Key Experimental Results¶
Main Results¶
| Target MLLM | VQAv2 | GQA | CelebA | TextVQA | Average |
|---|---|---|---|---|---|
| LLaVA-1.5 | 0.94 | 0.94 | 1.00 | 0.91 | 0.95 |
| MiniGPT-4 | 0.86 | 0.93 | 0.97 | 0.81 | 0.89 |
| Qwen-VL-Chat | 0.94 | 0.95 | 0.99 | 0.88 | 0.94 |
| InstructBLIP | 0.91 | 0.94 | 0.93 | 0.92 | 0.93 |
| Phi-4-multimodal | 1.00 | 1.00 | 1.00 | 0.98 | 1.00 |
| Qwen2.5-VL | 0.96 | 1.00 | 1.00 | 0.97 | 0.98 |
Refusal rates under Exact Shadow Questions (image-relevant questions)
Ablation Study¶
| Method | Exact Questions | Similar Questions | Generic Questions |
|---|---|---|---|
| No Perturbation | 0.00 | 0.00 | 0.00 |
| Qi et al. | 0.02 | 0.02 | 0.02 |
| Bagdasaryan et al. | 0.65 | 0.62 | 0.51 |
| Ours+PGD | 0.94 | 0.91 | 0.91 |
| Ours (BIM) | 0.94 | 0.88 | 0.88 |
Comparison of refusal rates for different methods on LLaVA-1.5 (VQAv2)
Key Findings¶
- ImageProtector achieves an average refusal rate of 0.86-0.95 across 6 MLLMs and 4 datasets.
- Refusal rates for image-relevant questions (0.95) are slightly higher than for irrelevant questions (0.94).

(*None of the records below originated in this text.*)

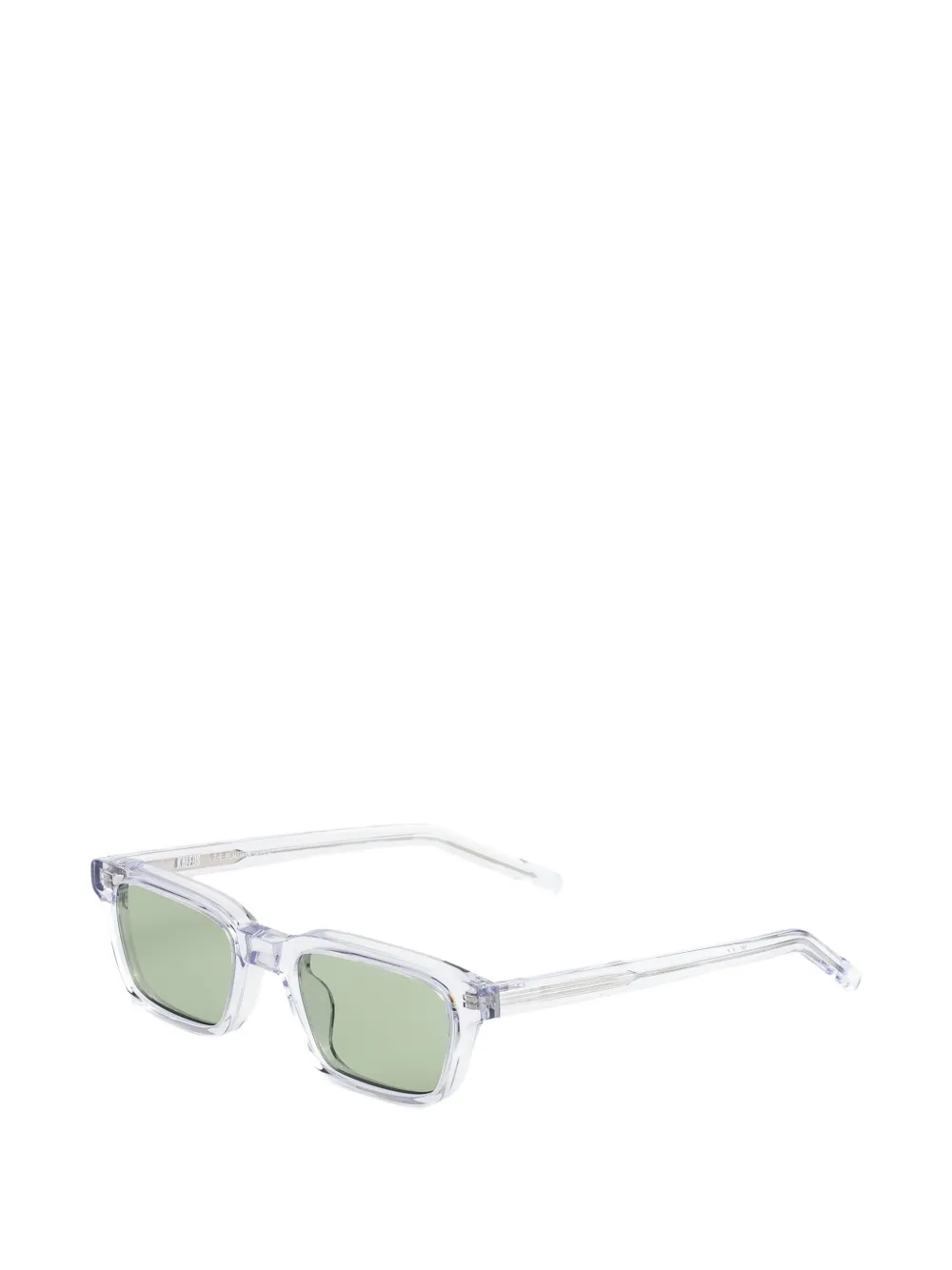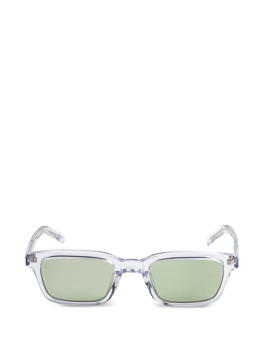 transparent rectangular frame tinted lenses nose pads These glasses come with a protective case.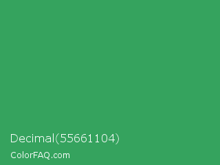 Decimal 55661104 Color is a normal green color and the nearest color is Chateau Green #40a860. Hex code #35a35e and RGB value is rgb(53,163,94). In RGB color space, this color is composed of 21% red, 64% green, 37% blue, In CMYK color space, this color is composed of 67% cyan, 0% magenta, 42% yellow , 36% black , In HSL color space, this color has a hue angle of 142° , 51% saturation and 42% lightness.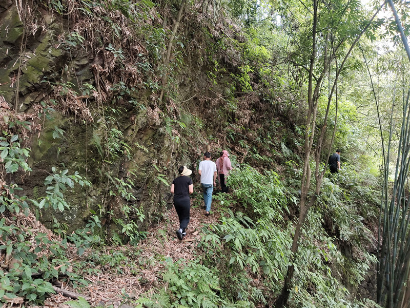 勘察路线,计划把这里的羊肠小道扩宽修建成能跑四轮车的乡间土质公路。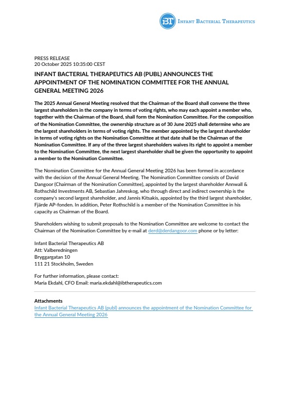 Maria Ekdahl, CFO Email: maria.ekdahl@ibtherapeutics.com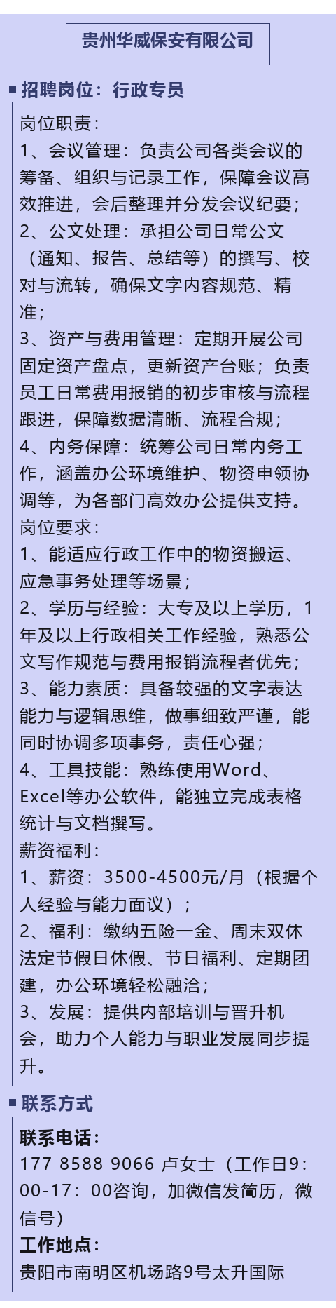 贵阳市南明区招聘行政专员!五险一金、周末双休!大专起报!

- InstructBLIP is the most resilient model due to its Q-Former architecture.
- Countermeasures (Gaussian noise, DiffPure, adversarial training) can partially mitigate the perturbations but significantly degrade model accuracy.
Highlights & Insights¶
- Innovation in Attack-to-Defense Perspective: This work is the first to redefine visual prompt injection as a user-side privacy protection tool.
- Universal Refusal Generalization: Perturbations trained on generic shadow questions effectively trigger refusals for domain-specific queries, indicating that the perturbation captures a "refusal mode" rather than specific question patterns.
- Defense-Countermeasure Dilemma: Countermeasures face a tradeoff between protection efficacy and model performance, establishing a new equilibrium in the adversarial game.
Limitations & Future Work¶
- Assumes white-box access to target MLLMs; transferability to closed-source commercial models (e.g., GPT-4V) is limited.
- Perturbations at \(\epsilon=8/255\) are nearly invisible but may be detectable under extreme magnification.
- The impact of JPEG compression and social media processing pipelines on perturbation robustness was not fully considered.
- Future research could explore black-box transfer attacks and adaptive perturbation generation (eliminating the need for per-image optimization).
Related Work & Insights¶
- Adopted a proactive defense philosophy similar to facial recognition adversarial tools (Fawkes, LowKey), but expanded the target from classifiers to generative MLLMs.
- Defense-oriented application of visual prompt injection research (Bagdasaryan et al., 2023).
- Inspires the development of more universal "AI analysis immunity" technologies.
Rating¶
- Novelty: ⭐⭐⭐⭐ Re-purposing adversarial attacks for privacy defense is a novel perspective with clear formalization.
- Experimental Thoroughness: ⭐⭐⭐⭐ Comprehensive coverage across 6 models, 4 datasets, 3 shadow question types, and 3 countermeasures.
- Writing Quality: ⭐⭐⭐⭐ Clear presentation of motivation, threat models, and methodology.
- Value: ⭐⭐⭐⭐ Proposes a new defense paradigm in AI privacy protection with significant practical potential.